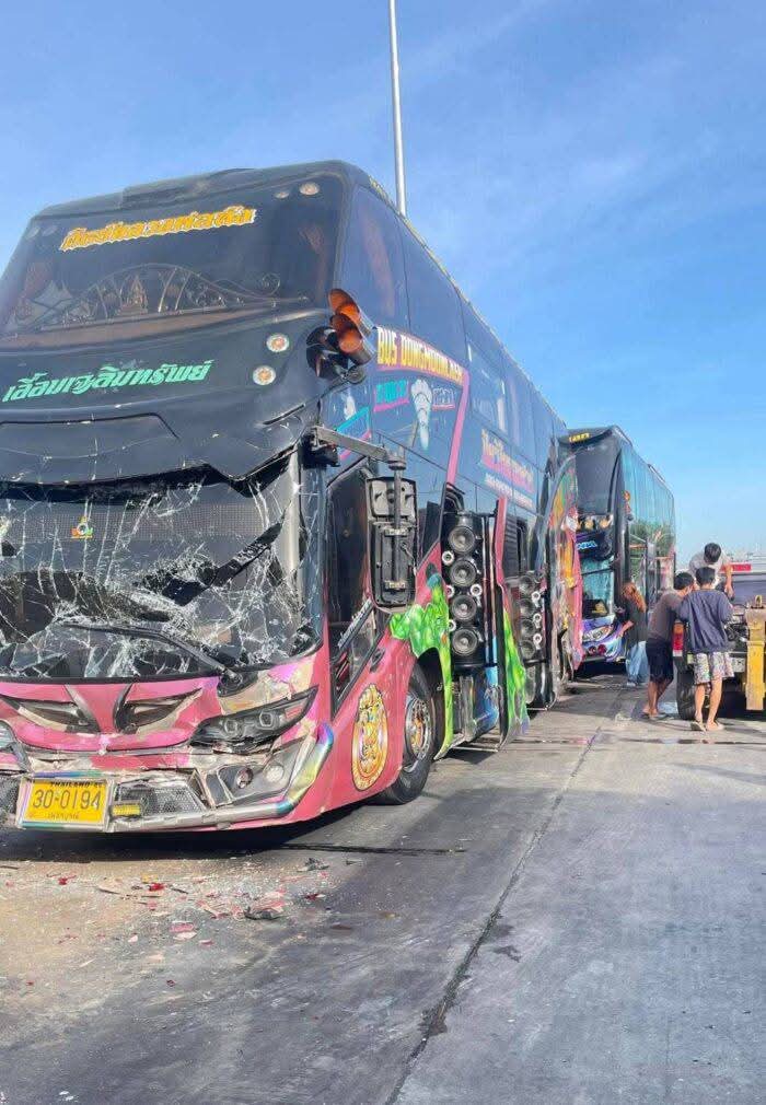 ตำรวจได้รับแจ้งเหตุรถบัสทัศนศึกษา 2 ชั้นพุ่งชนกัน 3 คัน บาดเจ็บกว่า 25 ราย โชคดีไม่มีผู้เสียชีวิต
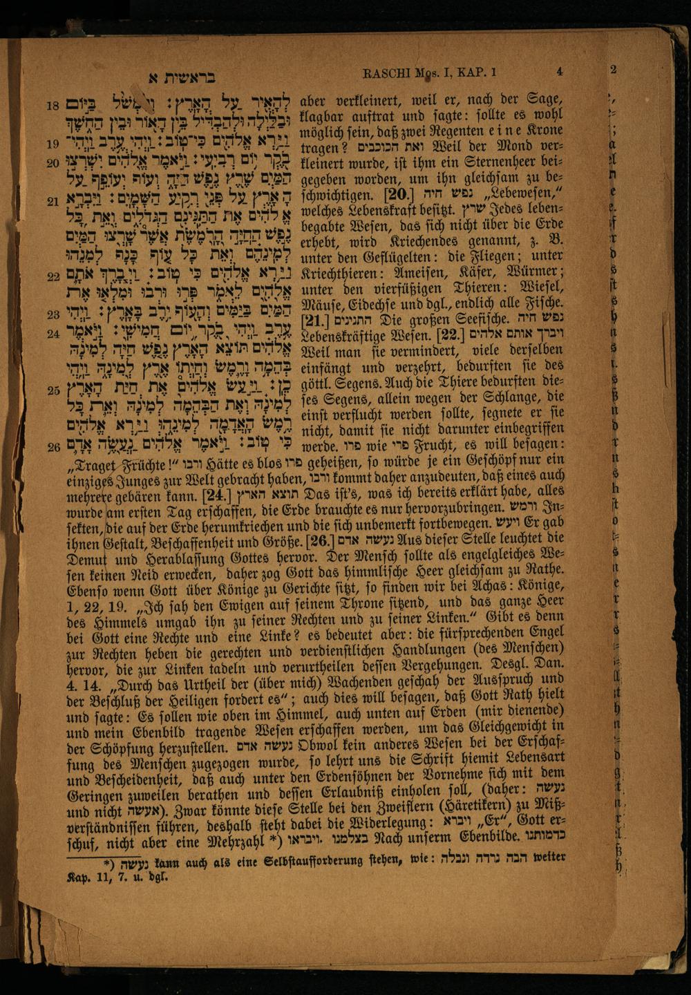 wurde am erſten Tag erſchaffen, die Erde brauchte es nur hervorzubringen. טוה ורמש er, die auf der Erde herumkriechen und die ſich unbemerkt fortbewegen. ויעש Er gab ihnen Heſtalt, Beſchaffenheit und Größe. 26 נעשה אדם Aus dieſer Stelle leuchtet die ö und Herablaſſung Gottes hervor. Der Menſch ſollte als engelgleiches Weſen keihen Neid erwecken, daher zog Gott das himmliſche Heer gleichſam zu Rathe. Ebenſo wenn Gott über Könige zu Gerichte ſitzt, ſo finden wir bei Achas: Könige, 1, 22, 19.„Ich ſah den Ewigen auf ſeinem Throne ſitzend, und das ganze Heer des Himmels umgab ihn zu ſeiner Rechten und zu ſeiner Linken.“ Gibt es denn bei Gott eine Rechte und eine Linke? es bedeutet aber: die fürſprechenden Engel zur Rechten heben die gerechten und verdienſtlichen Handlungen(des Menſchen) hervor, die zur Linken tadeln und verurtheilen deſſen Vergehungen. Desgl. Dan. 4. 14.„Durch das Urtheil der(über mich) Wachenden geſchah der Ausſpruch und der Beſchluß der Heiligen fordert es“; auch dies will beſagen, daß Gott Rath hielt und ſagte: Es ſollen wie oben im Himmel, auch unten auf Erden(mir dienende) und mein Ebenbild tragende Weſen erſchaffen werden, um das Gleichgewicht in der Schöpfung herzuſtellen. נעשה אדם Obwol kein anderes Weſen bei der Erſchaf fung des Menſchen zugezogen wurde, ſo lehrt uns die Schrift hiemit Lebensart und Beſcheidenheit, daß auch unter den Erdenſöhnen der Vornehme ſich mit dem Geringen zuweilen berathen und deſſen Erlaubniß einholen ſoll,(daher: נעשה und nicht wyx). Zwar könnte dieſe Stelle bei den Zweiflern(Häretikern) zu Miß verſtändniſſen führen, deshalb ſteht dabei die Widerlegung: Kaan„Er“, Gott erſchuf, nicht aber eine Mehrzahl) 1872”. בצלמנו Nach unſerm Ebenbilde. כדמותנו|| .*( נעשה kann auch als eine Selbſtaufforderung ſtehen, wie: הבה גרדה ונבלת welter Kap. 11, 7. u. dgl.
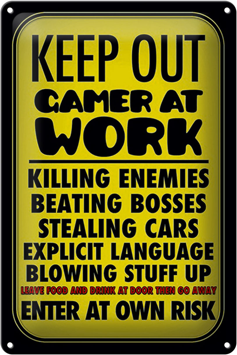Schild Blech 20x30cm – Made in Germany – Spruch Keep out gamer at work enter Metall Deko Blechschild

- - - - - - -

» **Required action**
Copy the listing exactly. No images belong in the copy.

» **Answer space**
 ตำรวจได้รับแจ้งเหตุรถบัสทัศนศึกษา 2 ชั้นพุ่งชนกัน 3 คัน บาดเจ็บกว่า 25 ราย โชคดีไม่มีผู้เสียชีวิต
 wurde am erſten Tag erſchaffen, die Erde brauchte es nur hervorzubringen. טוה ורמש er, die auf der Erde herumkriechen und die ſich unbemerkt fortbewegen. ויעש Er gab ihnen Heſtalt, Beſchaffenheit und Größe. 26 נעשה אדם Aus dieſer Stelle leuchtet die ö und Herablaſſung Gottes hervor. Der Menſch ſollte als engelgleiches Weſen keihen Neid erwecken, daher zog Gott das himmliſche Heer gleichſam zu Rathe. Ebenſo wenn Gott über Könige zu Gerichte ſitzt, ſo finden wir bei Achas: Könige, 1, 22, 19.„Ich ſah den Ewigen auf ſeinem Throne ſitzend, und das ganze Heer des Himmels umgab ihn zu ſeiner Rechten und zu ſeiner Linken.“ Gibt es denn bei Gott eine Rechte und eine Linke? es bedeutet aber: die fürſprechenden Engel zur Rechten heben die gerechten und verdienſtlichen Handlungen(des Menſchen) hervor, die zur Linken tadeln und verurtheilen deſſen Vergehungen. Desgl. Dan. 4. 14.„Durch das Urtheil der(über mich) Wachenden geſchah der Ausſpruch und der Beſchluß der Heiligen fordert es“; auch dies will beſagen, daß Gott Rath hielt und ſagte: Es ſollen wie oben im Himmel, auch unten auf Erden(mir dienende) und mein Ebenbild tragende Weſen erſchaffen werden, um das Gleichgewicht in der Schöpfung herzuſtellen. נעשה אדם Obwol kein anderes Weſen bei der Erſchaf fung des Menſchen zugezogen wurde, ſo lehrt uns die Schrift hiemit Lebensart und Beſcheidenheit, daß auch unter den Erdenſöhnen der Vornehme ſich mit dem Geringen zuweilen berathen und deſſen Erlaubniß einholen ſoll,(daher: נעשה und nicht wyx). Zwar könnte dieſe Stelle bei den Zweiflern(Häretikern) zu Miß verſtändniſſen führen, deshalb ſteht dabei die Widerlegung: Kaan„Er“, Gott erſchuf, nicht aber eine Mehrzahl) 1872”. בצלמנו Nach unſerm Ebenbilde. כדמותנו|| .*( נעשה kann auch als eine Selbſtaufforderung ſtehen, wie: הבה גרדה ונבלת welter Kap. 11, 7. u. dgl.
Schild Blech 20x30cm – Made in Germany – Spruch Keep out gamer at work enter Metall Deko Blechschild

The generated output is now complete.